Seharusnya penanganan pelayanan kesehatan dilakukan disaat penderita gizi buruk belum
mencapai tahap membahayakan. Setelah kasus gizi buruk merebak barulah pemerintah
melakukan tindakan (serius). Keseriusan pemerintah tidak ada artinya apabila tidak didukung
masyarakat itu sendiri. Sebab, perilaku masyarakat yang sudah membudaya selama ini
adalah,anak-anak yang menderita penyakit kurang mendapatkan perhatian orang tua. Anak-anak
itu hanya diberi makan seadanya, tanpa peduli akan kadar gizi dalam makanan yang diberikan.

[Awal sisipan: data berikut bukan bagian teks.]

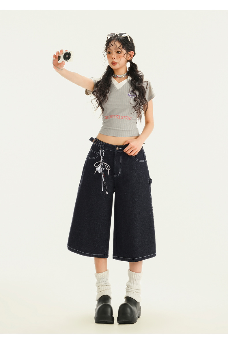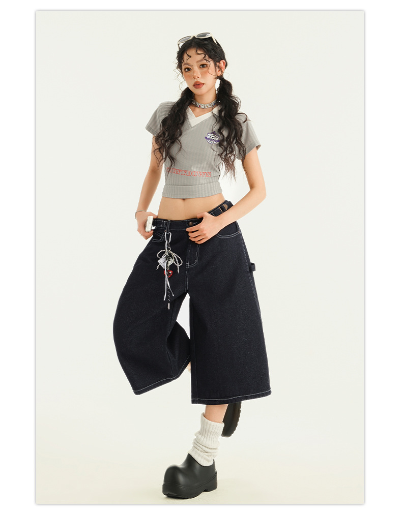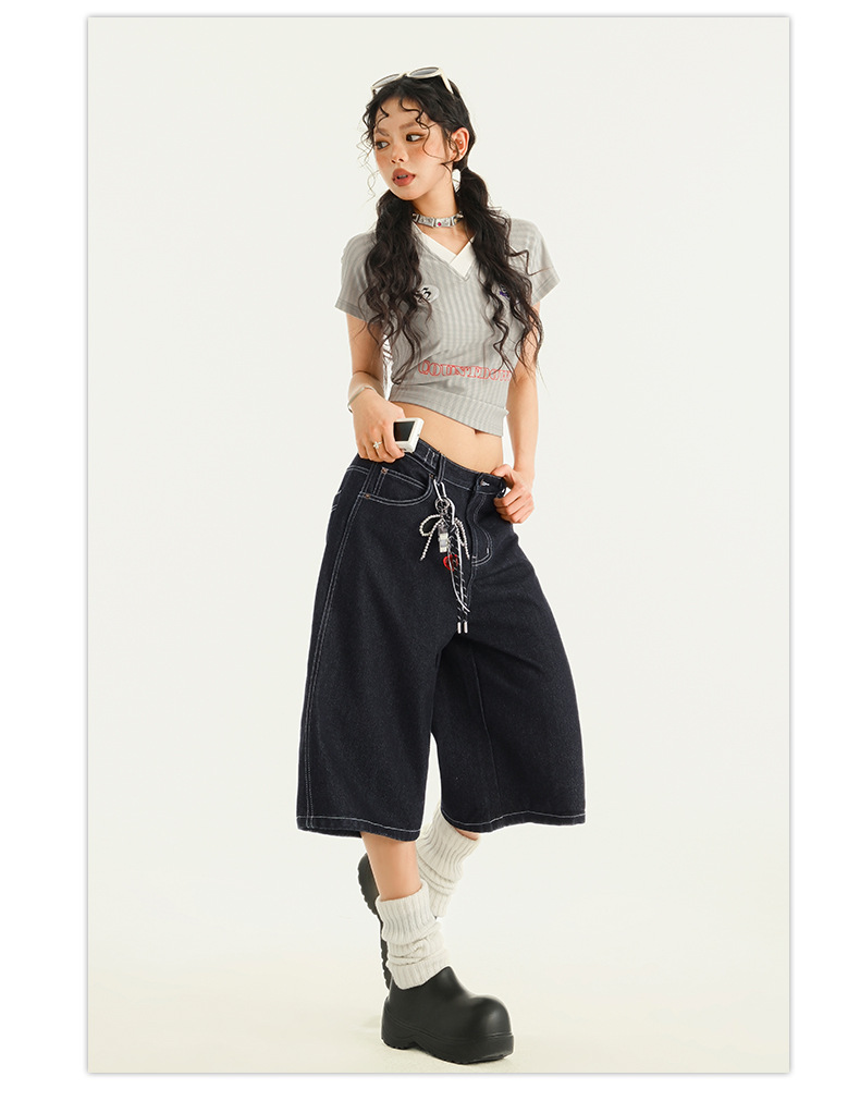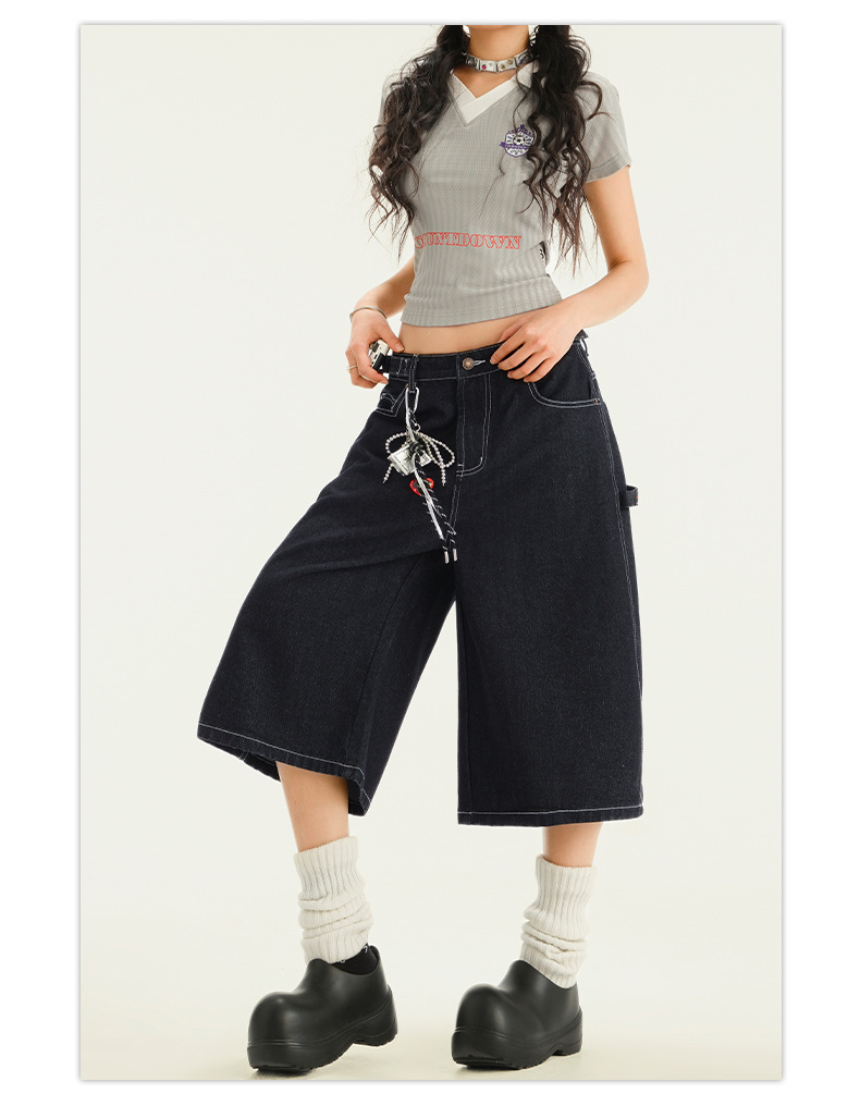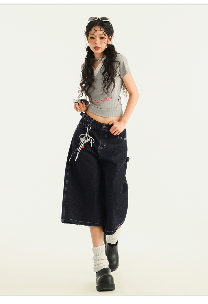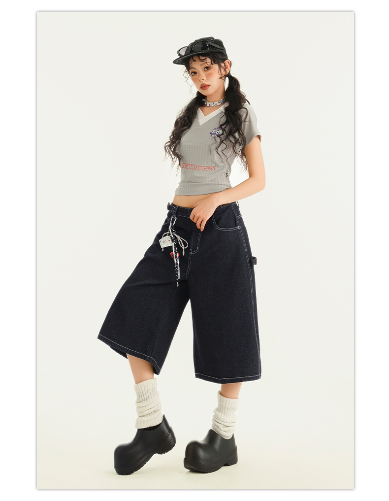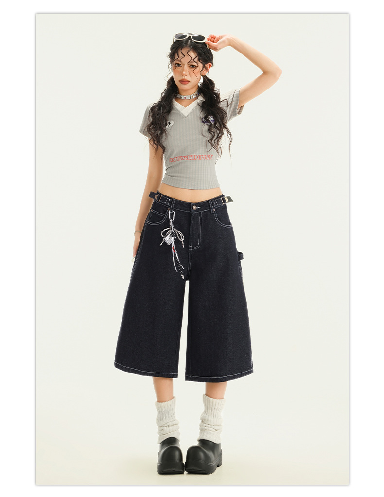 25 번째 ootd! 미국 레트로 와이드 레그 봄과 여름 새로운 스트레이트 튜브 느슨한 세척 오래된 프라이드 스트리트 자른 바지스토어 가기
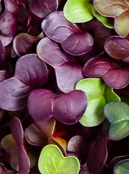 Лилава репичка, репичка корал, рукола, горчица и червена салата.
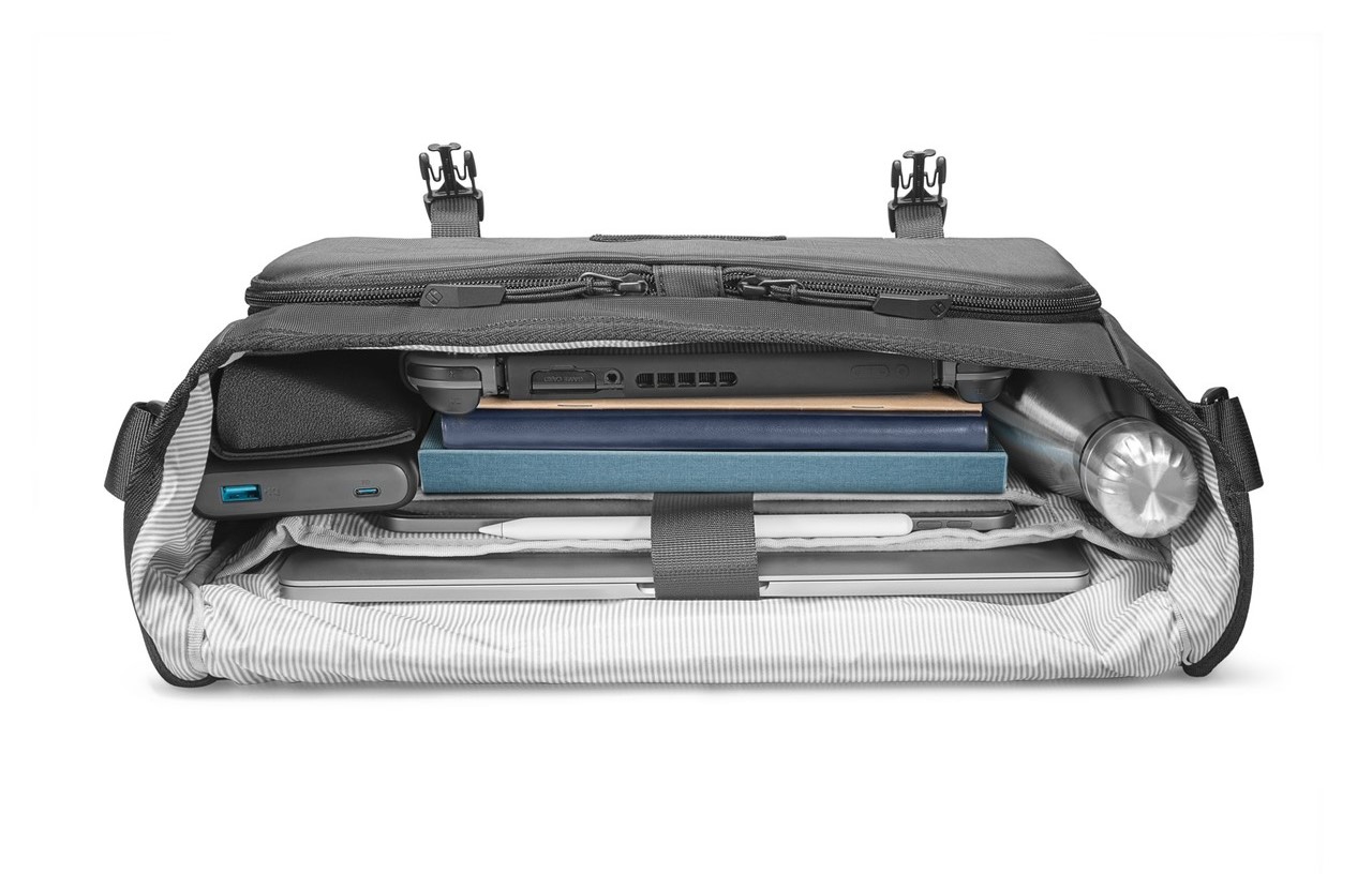 Khe để máy tính bảng có kích thước vừa với iPad 11 inch. Ngăn chính lớn có thể để sách, quần áo, ví và nhiều vật dụng khác.

Apalagi kalau persediaan pangan keluarga sudah menipis. Tanpa data dan informasi yang cermat
dan lengkap sebaiknya jangan terlalu cepat menyimpulkan bahwa adanya gizi buruk
identik dengan kemiskinan. Dan seharusnya para ibu mengupayakan sesuatu yang terbaik untuk
anaknya yang nantinya anak tersebut dapat menolong sang ibu.